Stored items from a collection

- - - - -

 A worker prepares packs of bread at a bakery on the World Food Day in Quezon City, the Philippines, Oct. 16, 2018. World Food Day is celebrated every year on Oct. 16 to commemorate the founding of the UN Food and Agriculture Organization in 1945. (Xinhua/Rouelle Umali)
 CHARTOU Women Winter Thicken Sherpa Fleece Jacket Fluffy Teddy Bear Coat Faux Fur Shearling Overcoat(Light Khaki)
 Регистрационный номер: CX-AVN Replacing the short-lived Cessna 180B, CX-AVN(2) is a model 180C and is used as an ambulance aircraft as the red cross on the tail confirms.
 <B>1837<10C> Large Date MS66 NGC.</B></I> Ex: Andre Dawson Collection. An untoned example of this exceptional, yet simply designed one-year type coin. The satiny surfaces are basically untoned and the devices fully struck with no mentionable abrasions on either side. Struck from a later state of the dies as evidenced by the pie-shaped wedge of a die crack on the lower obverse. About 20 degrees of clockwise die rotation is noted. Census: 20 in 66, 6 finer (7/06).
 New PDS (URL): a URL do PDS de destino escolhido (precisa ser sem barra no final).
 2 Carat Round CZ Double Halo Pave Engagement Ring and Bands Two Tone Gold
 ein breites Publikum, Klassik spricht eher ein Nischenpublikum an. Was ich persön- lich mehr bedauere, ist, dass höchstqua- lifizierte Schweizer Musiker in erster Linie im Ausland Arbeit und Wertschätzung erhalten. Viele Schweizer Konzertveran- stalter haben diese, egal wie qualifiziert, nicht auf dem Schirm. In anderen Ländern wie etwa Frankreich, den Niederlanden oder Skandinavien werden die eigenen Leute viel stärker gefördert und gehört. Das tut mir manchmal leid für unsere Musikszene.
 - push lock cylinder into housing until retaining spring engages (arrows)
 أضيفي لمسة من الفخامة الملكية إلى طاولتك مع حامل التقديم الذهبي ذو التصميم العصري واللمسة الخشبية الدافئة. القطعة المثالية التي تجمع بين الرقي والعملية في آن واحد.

- - - - -

_Task brief_.
Write out exactly the lines that run from the one containing "- push lock" to the end of the records, both end lines included.

_Result below_.
 - push lock cylinder into housing until retaining spring engages (arrows)
 أضيفي لمسة من الفخامة الملكية إلى طاولتك مع حامل التقديم الذهبي ذو التصميم العصري واللمسة الخشبية الدافئة. القطعة المثالية التي تجمع بين الرقي والعملية في آن واحد.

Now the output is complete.